How can I debug a C++ DLL function, called from VBA, using Visual Studio

I have written a DLL function in C++, which I am calling from VBA (Excel).
How can I setup the Visual Studio properties to allow me to debug the function? I have tried specifying Excel, but that doesn’t seem to work.

You have two choices: "direct debug", or "attach".
I strongly prefer the "direct debug" approach for a long list of reasons omitted from here.
There are steps required on both the DLL and Excel/VBA sides, your posting is unclear if all of those steps are addressed.
There are variations on the following:
1) In VS, depending on the version, enter Project Settings, or Project Properties, or equivalent, in the "Debug (not release) Target", go to the Debug or Debugging settings. :
a) There will be an field called "Executable for debugging session", or "command", or something like that depending on VS ver. Here, enter the full path of your Excel exe
b) Optionally, if the same "test spread sheet" is used frequently, enter the full path of your xls (or whatever) in the field called "Command argument", or "program argument" or as in your VS ver.
You may need to surround this with double quotes (e.g. if there are spaces in your path/file names).
c) You can also set the output of your project to a Dir that is "addin helpful", such as a Dir called AddIn (c.f. having the DLL end up in Debug (or Release) Dirs)
... it is assumed that your DLL has all the bits required to export the functions, with the project being of type DLL, plus any DLLEXPORT and compiler directives, etc etc.
... the specifics of the DLLEXPORT settings (and related compiler switches) and Calling Convention will determine many things ... it is assumed you have done all that correctly and consistently (and especially consistently with what the Excel-side is expecting).
... your DLL may or may not have a DLL_Main, if it does, more discussion is required.
2) Before anything else, be sure to have created the Excel-side "interface" for your DLL, ie. the "Add-In". This can be either via .xla, or via .xll. I strongly suggest the .xla route as your first approach.
See the Excel help files etc for creating the .xla
Then, in your XLA's VBA Module(s), declare the functions/subs etc from your DLL. For example, if you have a DLL called Add2_DLL.dll, which contains an exported function "add2_pho_xl", then:
Public Declare Function Add2_Pho_XX Lib "E:\EclipseWorkSpace\Add2_DLL\Debug\Add2_DLL.dll" _
Alias "add2_pho_xl" (A As Double, B As Double) As Double
I have used the Alias approach here, for reasons required below.
In many instances, this declaration can be used directly as User Defined Function (UDF) in your sheets, etc.

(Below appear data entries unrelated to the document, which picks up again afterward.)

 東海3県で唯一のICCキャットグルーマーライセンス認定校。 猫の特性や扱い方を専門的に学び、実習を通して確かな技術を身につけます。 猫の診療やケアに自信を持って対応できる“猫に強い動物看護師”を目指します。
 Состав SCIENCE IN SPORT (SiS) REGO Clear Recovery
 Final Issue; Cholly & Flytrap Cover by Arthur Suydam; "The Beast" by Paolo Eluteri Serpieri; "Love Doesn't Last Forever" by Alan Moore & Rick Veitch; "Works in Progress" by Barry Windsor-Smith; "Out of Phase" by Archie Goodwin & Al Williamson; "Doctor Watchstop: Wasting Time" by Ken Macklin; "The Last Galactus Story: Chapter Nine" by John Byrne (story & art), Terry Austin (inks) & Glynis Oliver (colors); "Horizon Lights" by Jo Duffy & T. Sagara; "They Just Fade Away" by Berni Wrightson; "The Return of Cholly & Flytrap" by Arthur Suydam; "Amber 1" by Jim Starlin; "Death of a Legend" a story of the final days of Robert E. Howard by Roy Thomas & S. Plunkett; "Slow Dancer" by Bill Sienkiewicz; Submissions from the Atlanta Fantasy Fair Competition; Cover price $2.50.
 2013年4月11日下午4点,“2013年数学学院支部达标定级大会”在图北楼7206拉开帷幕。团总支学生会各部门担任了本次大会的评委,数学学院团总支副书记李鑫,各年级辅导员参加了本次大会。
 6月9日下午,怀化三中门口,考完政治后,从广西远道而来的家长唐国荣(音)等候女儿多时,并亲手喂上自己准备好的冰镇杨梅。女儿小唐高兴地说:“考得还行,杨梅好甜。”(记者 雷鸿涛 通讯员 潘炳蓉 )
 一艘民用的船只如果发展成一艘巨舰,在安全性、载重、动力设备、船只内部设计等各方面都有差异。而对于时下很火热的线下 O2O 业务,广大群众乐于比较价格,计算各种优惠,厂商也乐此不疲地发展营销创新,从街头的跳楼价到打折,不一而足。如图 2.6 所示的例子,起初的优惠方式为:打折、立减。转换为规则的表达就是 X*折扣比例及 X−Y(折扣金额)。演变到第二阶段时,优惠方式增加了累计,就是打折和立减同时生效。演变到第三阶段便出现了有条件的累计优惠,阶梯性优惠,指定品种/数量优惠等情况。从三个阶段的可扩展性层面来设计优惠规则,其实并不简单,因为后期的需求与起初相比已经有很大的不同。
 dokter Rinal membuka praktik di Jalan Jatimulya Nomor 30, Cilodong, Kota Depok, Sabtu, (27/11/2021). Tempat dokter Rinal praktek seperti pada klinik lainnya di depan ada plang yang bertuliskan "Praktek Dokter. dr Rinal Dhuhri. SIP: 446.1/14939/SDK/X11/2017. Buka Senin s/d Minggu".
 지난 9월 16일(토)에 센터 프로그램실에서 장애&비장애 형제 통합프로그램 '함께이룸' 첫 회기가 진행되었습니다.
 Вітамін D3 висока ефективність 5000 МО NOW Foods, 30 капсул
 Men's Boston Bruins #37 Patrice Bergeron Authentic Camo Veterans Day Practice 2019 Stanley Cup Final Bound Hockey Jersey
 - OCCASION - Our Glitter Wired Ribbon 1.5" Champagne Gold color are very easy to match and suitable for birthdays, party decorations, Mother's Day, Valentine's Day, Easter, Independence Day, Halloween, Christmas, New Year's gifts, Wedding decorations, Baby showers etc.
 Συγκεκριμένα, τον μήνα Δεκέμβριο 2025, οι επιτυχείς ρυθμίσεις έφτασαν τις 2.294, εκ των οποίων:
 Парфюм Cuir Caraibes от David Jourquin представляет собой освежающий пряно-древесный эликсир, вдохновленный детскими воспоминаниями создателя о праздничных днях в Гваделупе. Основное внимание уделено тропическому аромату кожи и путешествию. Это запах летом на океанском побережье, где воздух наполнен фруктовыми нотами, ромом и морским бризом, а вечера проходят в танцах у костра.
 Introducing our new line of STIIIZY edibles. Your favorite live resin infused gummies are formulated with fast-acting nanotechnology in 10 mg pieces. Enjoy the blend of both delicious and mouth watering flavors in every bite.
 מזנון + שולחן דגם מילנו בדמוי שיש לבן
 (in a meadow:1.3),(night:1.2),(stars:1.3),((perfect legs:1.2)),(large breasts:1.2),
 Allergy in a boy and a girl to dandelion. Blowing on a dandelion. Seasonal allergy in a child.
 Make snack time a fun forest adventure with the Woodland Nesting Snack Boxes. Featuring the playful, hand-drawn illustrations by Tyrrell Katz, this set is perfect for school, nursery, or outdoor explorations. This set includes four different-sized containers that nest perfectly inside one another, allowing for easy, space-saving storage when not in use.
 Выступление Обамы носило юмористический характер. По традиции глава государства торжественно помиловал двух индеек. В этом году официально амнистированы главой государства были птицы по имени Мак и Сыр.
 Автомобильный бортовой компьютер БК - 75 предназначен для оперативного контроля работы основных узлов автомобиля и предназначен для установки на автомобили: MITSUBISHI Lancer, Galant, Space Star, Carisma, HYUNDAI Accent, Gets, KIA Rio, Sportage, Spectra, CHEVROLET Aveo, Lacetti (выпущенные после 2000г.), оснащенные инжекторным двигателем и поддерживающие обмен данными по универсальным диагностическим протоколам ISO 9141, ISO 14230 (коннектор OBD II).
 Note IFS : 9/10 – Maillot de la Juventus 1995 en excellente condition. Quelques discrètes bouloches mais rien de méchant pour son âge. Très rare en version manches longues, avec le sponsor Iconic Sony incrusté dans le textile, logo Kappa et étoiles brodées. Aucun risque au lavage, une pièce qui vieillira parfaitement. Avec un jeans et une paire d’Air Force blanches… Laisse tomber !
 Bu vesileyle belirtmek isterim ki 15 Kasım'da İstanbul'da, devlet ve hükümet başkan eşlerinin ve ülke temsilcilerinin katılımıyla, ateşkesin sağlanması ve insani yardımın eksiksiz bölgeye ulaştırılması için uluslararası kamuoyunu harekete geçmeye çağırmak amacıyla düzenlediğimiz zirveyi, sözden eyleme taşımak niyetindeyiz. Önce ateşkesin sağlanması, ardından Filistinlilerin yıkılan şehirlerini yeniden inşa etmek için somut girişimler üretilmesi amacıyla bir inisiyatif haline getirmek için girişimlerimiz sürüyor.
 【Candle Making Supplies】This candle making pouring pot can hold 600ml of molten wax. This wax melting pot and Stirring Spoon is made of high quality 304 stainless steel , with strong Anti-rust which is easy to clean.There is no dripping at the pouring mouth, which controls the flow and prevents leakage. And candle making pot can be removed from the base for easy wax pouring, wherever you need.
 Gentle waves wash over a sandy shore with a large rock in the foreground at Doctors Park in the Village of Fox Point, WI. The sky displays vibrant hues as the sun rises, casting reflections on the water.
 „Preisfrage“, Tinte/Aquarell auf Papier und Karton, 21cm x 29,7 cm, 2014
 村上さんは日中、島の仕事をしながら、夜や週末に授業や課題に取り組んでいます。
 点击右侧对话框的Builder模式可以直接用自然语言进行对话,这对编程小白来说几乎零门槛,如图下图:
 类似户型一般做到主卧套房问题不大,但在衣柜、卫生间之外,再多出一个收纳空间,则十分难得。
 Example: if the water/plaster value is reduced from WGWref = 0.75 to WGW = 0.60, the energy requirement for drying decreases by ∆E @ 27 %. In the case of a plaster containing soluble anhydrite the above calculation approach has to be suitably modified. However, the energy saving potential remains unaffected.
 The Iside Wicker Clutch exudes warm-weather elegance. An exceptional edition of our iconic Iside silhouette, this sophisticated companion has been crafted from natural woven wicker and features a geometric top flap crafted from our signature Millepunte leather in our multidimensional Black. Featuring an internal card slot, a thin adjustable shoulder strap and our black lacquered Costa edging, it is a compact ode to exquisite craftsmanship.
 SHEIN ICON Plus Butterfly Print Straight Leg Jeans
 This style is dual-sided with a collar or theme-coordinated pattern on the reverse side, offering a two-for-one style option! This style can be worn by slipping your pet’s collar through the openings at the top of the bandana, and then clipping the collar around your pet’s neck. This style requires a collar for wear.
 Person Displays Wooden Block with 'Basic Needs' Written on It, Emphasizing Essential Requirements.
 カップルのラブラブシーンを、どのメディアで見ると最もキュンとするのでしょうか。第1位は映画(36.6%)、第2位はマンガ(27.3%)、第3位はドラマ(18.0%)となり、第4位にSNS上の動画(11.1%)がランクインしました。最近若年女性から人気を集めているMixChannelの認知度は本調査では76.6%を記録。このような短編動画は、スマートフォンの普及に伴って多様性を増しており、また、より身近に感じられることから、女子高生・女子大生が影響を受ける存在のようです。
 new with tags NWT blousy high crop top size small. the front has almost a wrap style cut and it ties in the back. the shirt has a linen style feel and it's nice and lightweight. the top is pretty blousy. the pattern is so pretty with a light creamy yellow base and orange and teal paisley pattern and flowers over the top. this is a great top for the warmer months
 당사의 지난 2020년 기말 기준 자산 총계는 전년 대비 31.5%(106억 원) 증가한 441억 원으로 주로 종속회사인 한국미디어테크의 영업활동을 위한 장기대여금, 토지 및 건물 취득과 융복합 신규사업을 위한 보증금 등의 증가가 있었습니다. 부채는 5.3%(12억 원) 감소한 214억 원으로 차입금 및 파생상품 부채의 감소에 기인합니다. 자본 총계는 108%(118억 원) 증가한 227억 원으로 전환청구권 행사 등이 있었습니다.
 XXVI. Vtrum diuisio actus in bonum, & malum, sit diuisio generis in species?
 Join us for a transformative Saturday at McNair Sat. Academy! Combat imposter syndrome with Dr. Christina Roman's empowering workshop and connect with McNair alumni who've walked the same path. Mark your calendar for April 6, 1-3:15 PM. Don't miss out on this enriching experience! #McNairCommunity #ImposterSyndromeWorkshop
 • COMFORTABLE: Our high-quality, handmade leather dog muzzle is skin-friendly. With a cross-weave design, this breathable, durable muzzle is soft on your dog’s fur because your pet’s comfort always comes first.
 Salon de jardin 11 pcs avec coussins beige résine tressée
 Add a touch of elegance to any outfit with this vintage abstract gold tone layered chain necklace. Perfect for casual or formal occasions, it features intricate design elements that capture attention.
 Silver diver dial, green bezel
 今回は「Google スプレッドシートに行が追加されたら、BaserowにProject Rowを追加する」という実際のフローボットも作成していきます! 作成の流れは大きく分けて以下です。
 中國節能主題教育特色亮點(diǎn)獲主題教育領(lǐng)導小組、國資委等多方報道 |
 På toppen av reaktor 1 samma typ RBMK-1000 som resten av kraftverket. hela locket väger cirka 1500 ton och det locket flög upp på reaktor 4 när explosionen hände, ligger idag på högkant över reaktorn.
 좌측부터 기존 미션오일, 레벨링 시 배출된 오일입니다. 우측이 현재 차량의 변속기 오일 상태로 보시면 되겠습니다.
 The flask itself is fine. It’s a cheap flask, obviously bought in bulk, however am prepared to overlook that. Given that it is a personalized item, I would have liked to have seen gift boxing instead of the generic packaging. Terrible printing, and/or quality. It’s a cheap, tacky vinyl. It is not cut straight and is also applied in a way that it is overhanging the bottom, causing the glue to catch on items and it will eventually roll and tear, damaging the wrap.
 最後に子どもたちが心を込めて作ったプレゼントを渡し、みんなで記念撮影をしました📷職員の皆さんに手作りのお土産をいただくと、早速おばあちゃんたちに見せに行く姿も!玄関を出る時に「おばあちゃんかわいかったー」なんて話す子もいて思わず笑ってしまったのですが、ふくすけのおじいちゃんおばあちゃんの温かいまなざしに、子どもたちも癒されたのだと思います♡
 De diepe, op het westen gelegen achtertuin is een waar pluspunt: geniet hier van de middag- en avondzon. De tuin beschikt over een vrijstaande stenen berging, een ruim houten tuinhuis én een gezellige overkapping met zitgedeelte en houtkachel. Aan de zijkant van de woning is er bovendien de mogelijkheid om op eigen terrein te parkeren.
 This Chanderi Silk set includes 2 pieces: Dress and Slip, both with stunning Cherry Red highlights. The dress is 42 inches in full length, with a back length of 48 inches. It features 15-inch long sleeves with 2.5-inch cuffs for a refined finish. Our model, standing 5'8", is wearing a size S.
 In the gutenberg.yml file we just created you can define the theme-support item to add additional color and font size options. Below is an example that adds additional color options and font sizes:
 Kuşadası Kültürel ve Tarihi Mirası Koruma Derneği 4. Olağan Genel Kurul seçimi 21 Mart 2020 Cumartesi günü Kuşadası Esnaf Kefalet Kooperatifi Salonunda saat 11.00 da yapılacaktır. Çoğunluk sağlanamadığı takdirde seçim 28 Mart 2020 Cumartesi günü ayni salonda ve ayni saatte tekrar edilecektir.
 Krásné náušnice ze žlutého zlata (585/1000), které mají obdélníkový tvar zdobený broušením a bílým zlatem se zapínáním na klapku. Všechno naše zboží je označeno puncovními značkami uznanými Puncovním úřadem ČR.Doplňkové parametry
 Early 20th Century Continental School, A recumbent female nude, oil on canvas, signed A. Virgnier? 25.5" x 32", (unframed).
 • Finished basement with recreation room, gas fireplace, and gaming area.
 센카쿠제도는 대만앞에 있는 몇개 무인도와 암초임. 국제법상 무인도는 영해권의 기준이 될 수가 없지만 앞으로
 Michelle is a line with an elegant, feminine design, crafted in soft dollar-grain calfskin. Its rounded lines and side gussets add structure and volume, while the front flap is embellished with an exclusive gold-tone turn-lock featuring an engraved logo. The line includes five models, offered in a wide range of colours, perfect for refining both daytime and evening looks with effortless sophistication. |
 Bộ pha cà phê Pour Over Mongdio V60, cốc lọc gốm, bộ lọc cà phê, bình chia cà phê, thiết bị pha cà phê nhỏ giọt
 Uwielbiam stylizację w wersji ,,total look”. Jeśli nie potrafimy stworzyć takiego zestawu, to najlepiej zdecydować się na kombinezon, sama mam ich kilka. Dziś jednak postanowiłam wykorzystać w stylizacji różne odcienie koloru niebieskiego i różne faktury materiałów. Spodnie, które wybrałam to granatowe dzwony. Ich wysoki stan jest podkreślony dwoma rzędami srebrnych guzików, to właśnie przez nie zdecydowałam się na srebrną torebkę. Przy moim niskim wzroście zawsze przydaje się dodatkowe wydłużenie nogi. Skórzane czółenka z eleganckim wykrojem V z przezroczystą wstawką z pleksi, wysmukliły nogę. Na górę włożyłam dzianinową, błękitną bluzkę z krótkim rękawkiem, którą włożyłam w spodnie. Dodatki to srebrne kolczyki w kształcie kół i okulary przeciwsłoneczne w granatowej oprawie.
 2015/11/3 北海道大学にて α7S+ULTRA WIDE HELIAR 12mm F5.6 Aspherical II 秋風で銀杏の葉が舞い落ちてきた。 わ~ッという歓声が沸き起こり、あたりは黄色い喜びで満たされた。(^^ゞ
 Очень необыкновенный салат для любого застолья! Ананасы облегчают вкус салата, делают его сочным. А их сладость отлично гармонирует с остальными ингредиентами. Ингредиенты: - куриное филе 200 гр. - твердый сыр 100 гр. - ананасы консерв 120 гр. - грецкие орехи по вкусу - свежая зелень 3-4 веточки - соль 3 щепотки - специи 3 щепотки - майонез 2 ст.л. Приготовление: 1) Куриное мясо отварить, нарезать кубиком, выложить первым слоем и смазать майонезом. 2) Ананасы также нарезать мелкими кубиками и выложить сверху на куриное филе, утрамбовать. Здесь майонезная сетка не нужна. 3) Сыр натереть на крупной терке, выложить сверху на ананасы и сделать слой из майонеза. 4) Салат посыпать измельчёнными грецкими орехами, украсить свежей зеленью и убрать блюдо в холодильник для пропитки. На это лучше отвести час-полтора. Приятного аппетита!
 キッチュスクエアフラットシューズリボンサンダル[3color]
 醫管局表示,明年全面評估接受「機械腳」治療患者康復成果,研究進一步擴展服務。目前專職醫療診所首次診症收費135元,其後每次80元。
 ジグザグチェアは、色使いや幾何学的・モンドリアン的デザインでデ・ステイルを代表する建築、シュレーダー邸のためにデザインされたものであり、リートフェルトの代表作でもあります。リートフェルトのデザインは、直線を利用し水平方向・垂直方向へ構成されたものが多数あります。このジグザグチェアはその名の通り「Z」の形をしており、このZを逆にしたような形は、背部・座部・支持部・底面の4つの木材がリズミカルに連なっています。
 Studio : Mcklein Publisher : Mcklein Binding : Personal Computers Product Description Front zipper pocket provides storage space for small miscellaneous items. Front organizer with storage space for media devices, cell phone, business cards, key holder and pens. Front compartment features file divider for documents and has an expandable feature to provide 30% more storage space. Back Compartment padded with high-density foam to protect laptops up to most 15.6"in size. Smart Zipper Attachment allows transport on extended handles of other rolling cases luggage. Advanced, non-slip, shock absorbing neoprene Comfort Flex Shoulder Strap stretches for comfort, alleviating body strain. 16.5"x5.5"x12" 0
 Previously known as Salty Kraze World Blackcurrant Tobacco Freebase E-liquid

However, for a vast number of cases, you will need to create a VBA "spinner" function/sub that creates the "ultimate" UDF, and relies on this direct entry function (see below). This is also a very long story, but necessary where more complex matters are required (arrays, variants, etc etc).
NOTICE:
a) the DLL's full path is required unless special steps have been taken. If your Addin is for general distribution ... a much longer discussion is required.
b) the Alias must be the EXACT entry name of the function in your DLL. If you view near the end of the DLL (or .Def) files, and unless you set your DLL modules as Private, those will show the entry names expected on the DLL side.
In this example, the entry name is NOT "decorated" due to the choices in the Calling Convention and compiler switches, but it could look something like
"_add2_pho_xl_#08" etc depending your choices.
... in any case, you must use whatever the DLL has.
3) Once both the .xla and dll exist (it is best if they are in the same Dir), Excel must be "told" about the Add-In. The easiest approach is Excel/Tools/Addins, but there are various strategies for "registering" DLL functions.
4) CRUCIALLY, the argument list properties/declarations MUST BE CONGRUENT with BOTH those in your DLL and the Calling Convention. Three (of many possible) examples of "issues" are,
(i) A Boolean on the VBA-side is two-bytes, if the Bool/Logical on your DLL side is 1-byte, then the Debug will fail, since the two sides "cannot connect" properly.
(ii) Strings ... this can be a very long story. It depends if sent ByVal or ByRef, it depends if the DLL side has "hidden length" Args, etc. etc. Remember, VBA uses COM/OLE VBStrings, which have their own can of worms.
(iii) Variants/Objects: these require a tome onto themselves
5) If ALL (and likely more) of the above have gone well, then in VS set your break points, if required, and "Go" or "Start" the debug (depending on VS ver, etc.). This should launch Excel, and if you also set the target xls, it will launch too. Go to the cell(s) where you addin function (e.g. =add2_pho_XX(A1, B1) ) resides, and execute the cell (sometimes using the "fx" menu item is useful, but there are other ways also).
Some hints:
a) if the func execution crashes/hangs etc Excel and does not even arrive back to the VS side, then likely there is a Arg list conflict (e.g. you are passing a Double to an Int or a million other possibilities), or Calling Convention conflict, etc.
b) In general, you may (while in the VS debug session) simultaneously perform a VBA debug session. That is, after starting the VS bebug, entre the VBA IDE, and set break points in VBA UDF's, if a "spinner" UDF's have been created. For example, a VBA UDF that relies also on the DLL's function.
Private Function Add2_Pho( FirstNum as Double, SecondNum as Double, Optional lMakeRed as Variant) As Variant
'
'
Add2_Pho = Add2_Pho_XX( FirstNum, SecondNum ) ' this is the actual DLL func accessed via Delcare above
'
If( IsMissing(lMakeRed) ) Then
Else
If( cBool(lMakeRed) ) Then
If( Add2_Pho < 0 ) Then
'
' ' make the result Red, or something
'
End If
End If
End If
'
'
End Function
... here, setting a break point at the first line can be helpful to see if the UDF is even entered on the VBA side. If it is, click Continue in VBA, and see if it makes it to the VS side, if not, check Args, Calling Convention, etc again, etc etc
c) If the cell's content are #Value or some other unexpected result, then at least the UDF is "recognised" but not functioning correctly, either due to sheet->VBA issues, or VBA-> DLL issues, or after the return DLL-> VBA
d) Save often! and Use the VBA IDE's Debug/ Compile VBA Project before running anything just make sure VBA internal consistency.
e) Also, if you are using VBA/XLA's, then get a copy of CleanProject (VBA can mess up its internals sometimes, and this Tool will be a life saver)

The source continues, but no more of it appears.